What I want from min_member_1(?Min, ?Lst) is to expresses a relation that says Min will always be lower (in the standard order of terms) than any of the elements in Lst.

?- min_member_1(X, L), L = [_,2,3,4], X = 1.
X = 1,
L = [1, 2, 3, 4] .

If variables get instantiated at a later time, the order in which they get bound becomes important as a comparison between a free variable and an instantiated one might be made.

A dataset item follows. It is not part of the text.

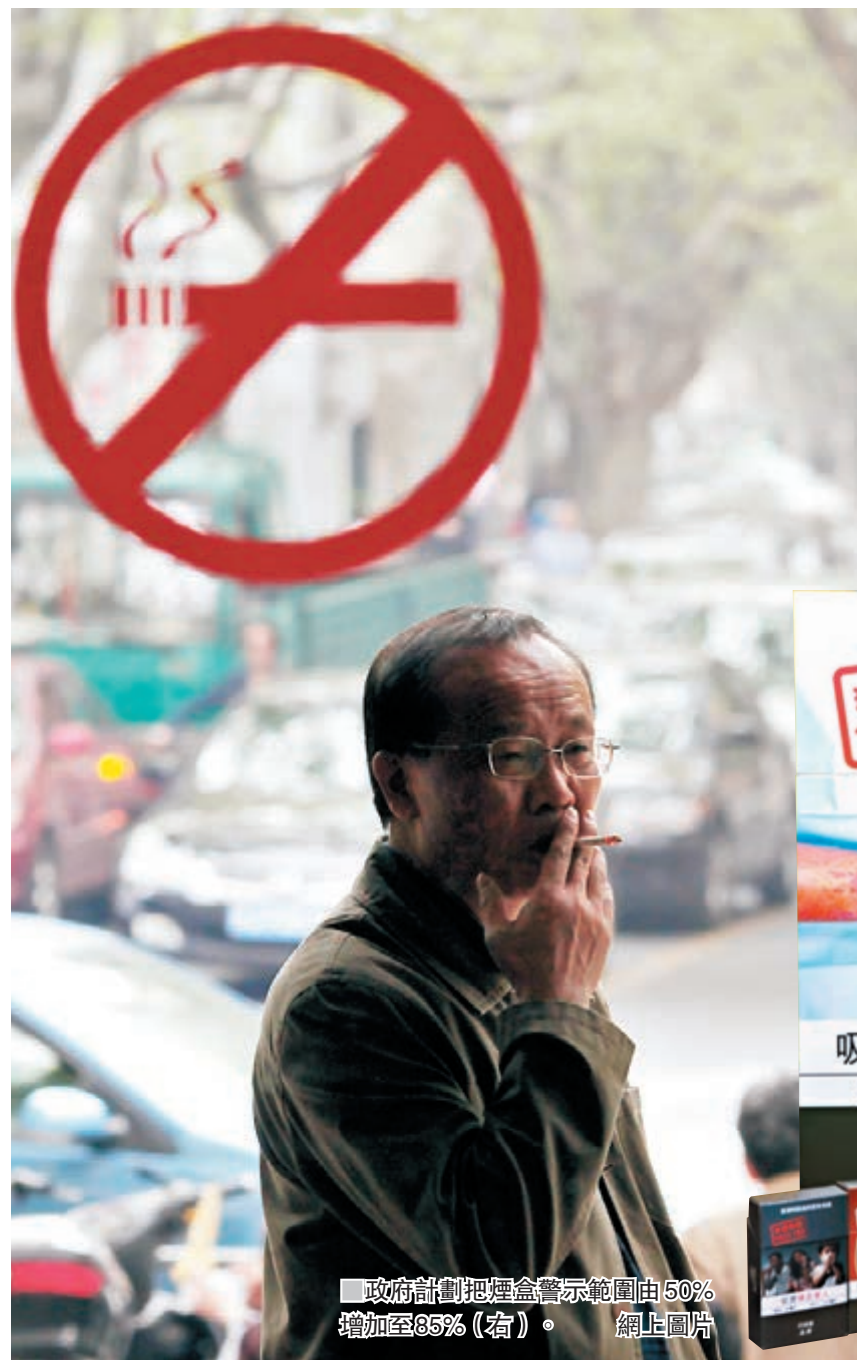
政府計劃把煙盒警示範圍由50%增加至85%(右)。網上圖片

?- min_member_1(X, [A,B,C]), B is 3, C is 4, A is 1.
X = A, A = 1,
B = 3,
C = 4 ;
false.
?- min_member_1(X, [A,B,C]), A is 1, B is 3, C is 4.
false.

But this can be avoided by unifying all of them in the same goal:

?- min_member_1(X, [A,B,C]), [A, B, C] = [1, 3, 4].
X = A, A = 1,
B = 3,
C = 4 ;
false.

Versions

If the comparisons are intended only for instantiated variables, promise_relation/3 can be changed to check the relation only when both variables get instantiated:

promise_relation(Rel_2, X, Y):-
    when((ground(X), ground(Y)), call(Rel_2, X, Y)).

A simple test:

?- L = [_, _, _, _], min_member_1(X, L), L = [3,4,1,2].
L = [3, 4, 1, 2],
X = 1 ;
false.

! Edits were made to improve the initial post thanks to false's comments and suggestions.



回答5:

This is how min_member/2 is implemented:

min_member(Min, [H|T]) :-
    min_member_(T, H, Min).

min_member_([], Min, Min).
min_member_([H|T], Min0, Min) :-
    (   H @>= Min0
    ->  min_member_(T, Min0, Min)
    ;   min_member_(T, H, Min)
    ).

So it seems that min_member/2 actually tries to unify Min (the first argument) with the smallest element in List in the standard order of terms.



回答6:

I have an observation regarding your xmin_member implementation. It fails on this query:

?- xmin_member(1, [X, 2, 3]).
false.

I tried to include the case when the list might include free variables. So, I came up with this:

ymin_member(Min, Lst):-
    member(Min, Lst),
    maplist(@=<(Min), Lst).

Of course it's worse in terms of efficiency, but it works on that case:

?- ymin_member(1, [X, 2, 3]).
X = 1 ;
false.

?- ymin_member(X, [X, 2, 3]).
true ;
X = 2 ;
false.